### RECORDS SHOWN

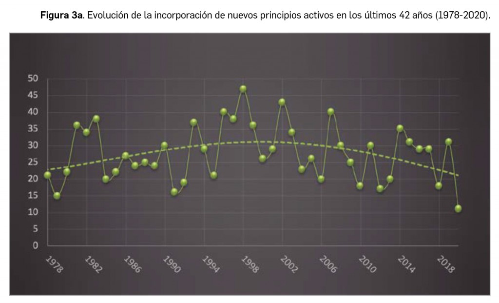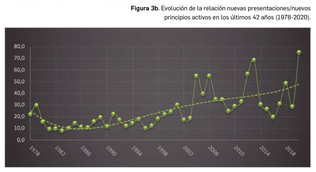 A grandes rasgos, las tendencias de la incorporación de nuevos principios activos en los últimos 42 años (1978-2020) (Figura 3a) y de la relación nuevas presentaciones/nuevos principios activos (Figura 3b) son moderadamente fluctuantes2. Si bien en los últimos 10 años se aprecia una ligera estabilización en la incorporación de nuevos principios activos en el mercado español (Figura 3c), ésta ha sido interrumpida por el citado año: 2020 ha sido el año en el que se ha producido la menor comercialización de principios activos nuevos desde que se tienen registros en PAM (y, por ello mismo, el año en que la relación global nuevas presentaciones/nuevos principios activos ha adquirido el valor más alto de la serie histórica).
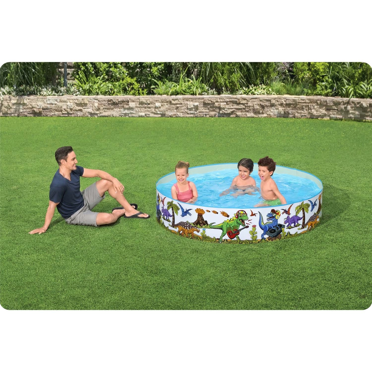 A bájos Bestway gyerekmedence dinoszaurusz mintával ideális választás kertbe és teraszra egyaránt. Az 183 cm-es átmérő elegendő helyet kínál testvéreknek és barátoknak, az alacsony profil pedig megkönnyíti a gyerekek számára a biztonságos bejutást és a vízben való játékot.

...

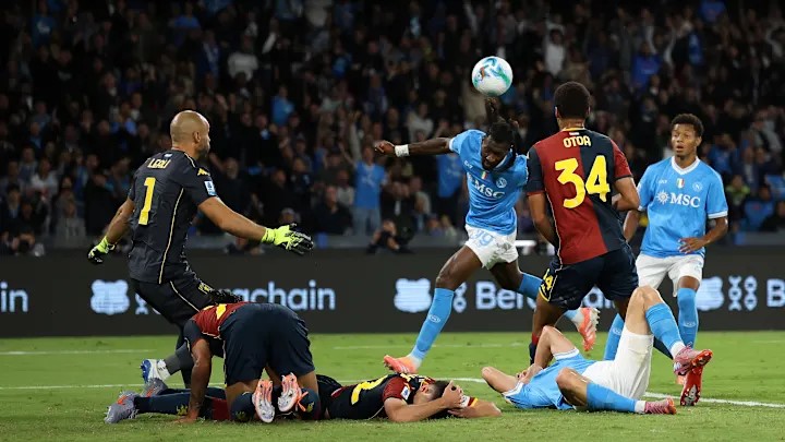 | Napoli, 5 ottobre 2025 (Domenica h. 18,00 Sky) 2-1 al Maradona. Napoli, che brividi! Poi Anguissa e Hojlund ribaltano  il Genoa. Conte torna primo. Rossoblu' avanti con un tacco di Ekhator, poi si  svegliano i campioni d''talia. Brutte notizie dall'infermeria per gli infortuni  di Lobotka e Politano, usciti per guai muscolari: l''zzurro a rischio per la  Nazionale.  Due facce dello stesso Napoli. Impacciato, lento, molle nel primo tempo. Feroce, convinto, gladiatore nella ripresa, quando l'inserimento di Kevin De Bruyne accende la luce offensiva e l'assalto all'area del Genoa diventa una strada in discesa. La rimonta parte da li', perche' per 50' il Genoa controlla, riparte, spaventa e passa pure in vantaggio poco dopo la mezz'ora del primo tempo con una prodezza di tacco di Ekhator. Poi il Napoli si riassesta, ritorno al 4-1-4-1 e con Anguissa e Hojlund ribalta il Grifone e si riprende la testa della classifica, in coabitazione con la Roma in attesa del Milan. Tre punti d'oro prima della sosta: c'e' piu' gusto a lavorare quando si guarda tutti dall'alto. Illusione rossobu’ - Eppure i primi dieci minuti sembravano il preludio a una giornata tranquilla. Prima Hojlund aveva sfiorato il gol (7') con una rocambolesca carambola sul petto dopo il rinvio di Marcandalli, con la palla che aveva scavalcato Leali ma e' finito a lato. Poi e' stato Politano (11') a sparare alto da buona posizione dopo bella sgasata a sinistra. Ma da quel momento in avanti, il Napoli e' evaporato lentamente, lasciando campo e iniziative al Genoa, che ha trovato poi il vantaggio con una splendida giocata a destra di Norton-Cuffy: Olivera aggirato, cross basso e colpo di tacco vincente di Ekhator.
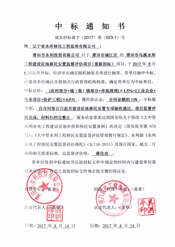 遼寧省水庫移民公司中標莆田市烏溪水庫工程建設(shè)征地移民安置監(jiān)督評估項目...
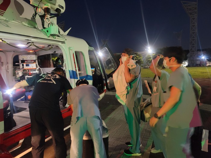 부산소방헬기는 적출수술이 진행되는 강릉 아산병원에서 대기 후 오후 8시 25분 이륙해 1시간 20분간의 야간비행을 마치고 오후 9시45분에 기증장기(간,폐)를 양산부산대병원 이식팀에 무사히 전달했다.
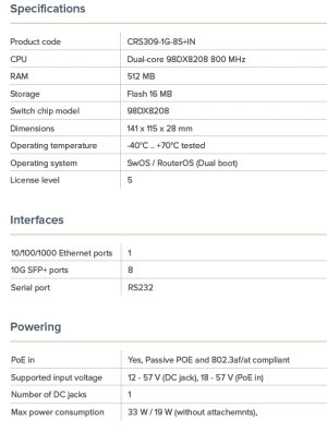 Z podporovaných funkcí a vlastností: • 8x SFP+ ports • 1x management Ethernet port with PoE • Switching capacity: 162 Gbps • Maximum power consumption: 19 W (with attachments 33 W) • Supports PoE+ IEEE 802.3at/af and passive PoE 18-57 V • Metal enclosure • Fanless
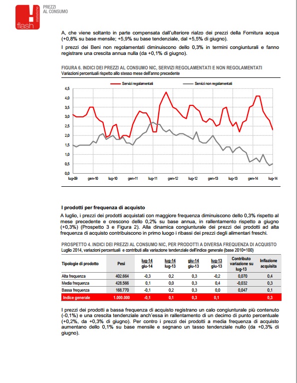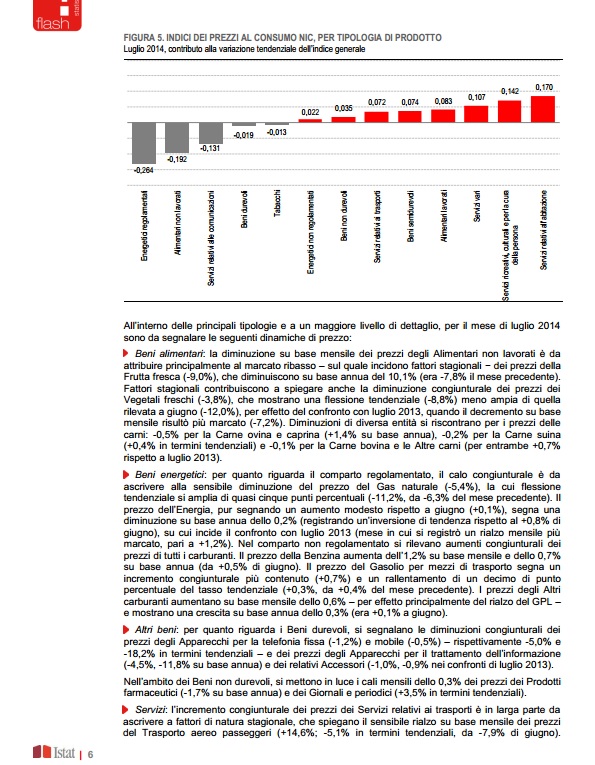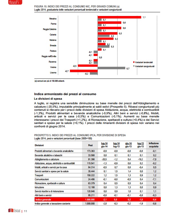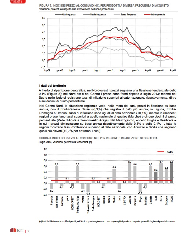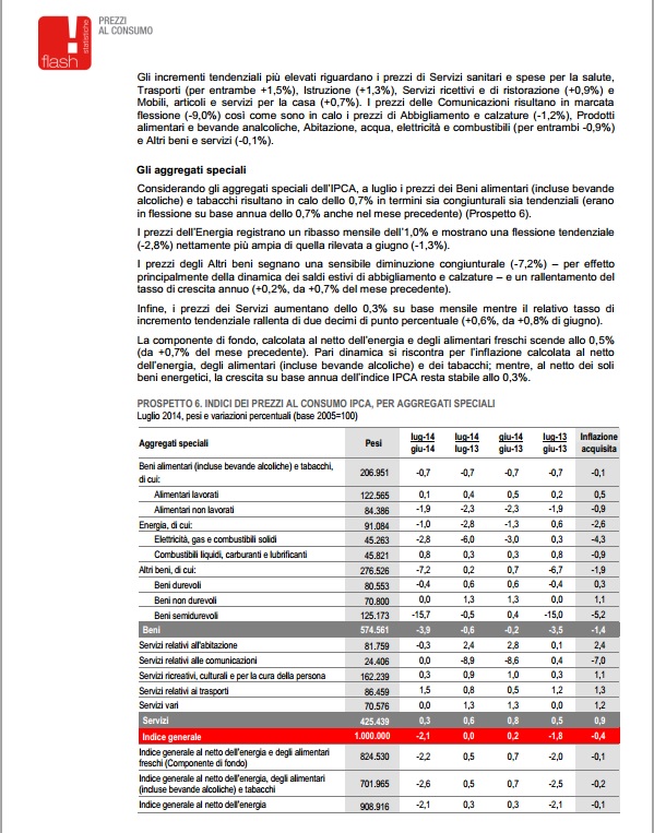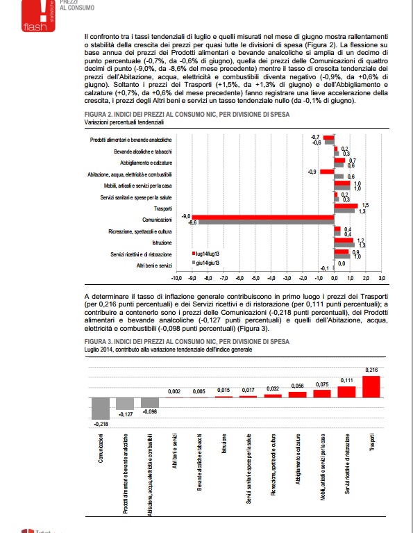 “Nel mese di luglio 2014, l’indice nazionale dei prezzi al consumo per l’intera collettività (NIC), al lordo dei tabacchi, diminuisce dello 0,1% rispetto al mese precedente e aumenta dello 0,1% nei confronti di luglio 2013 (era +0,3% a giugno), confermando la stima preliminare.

### YOUR TASK
Your answer should be the lines above, word for word, from the line with "부산소방헬기는 적출수술이 진행되는" through the line with "la stima preliminare.", minus the pictures.

### THE COMPLETED TASK
 부산소방헬기는 적출수술이 진행되는 강릉 아산병원에서 대기 후 오후 8시 25분 이륙해 1시간 20분간의 야간비행을 마치고 오후 9시45분에 기증장기(간,폐)를 양산부산대병원 이식팀에 무사히 전달했다.
 Z podporovaných funkcí a vlastností: • 8x SFP+ ports • 1x management Ethernet port with PoE • Switching capacity: 162 Gbps • Maximum power consumption: 19 W (with attachments 33 W) • Supports PoE+ IEEE 802.3at/af and passive PoE 18-57 V • Metal enclosure • Fanless
 “Nel mese di luglio 2014, l’indice nazionale dei prezzi al consumo per l’intera collettività (NIC), al lordo dei tabacchi, diminuisce dello 0,1% rispetto al mese precedente e aumenta dello 0,1% nei confronti di luglio 2013 (era +0,3% a giugno), confermando la stima preliminare.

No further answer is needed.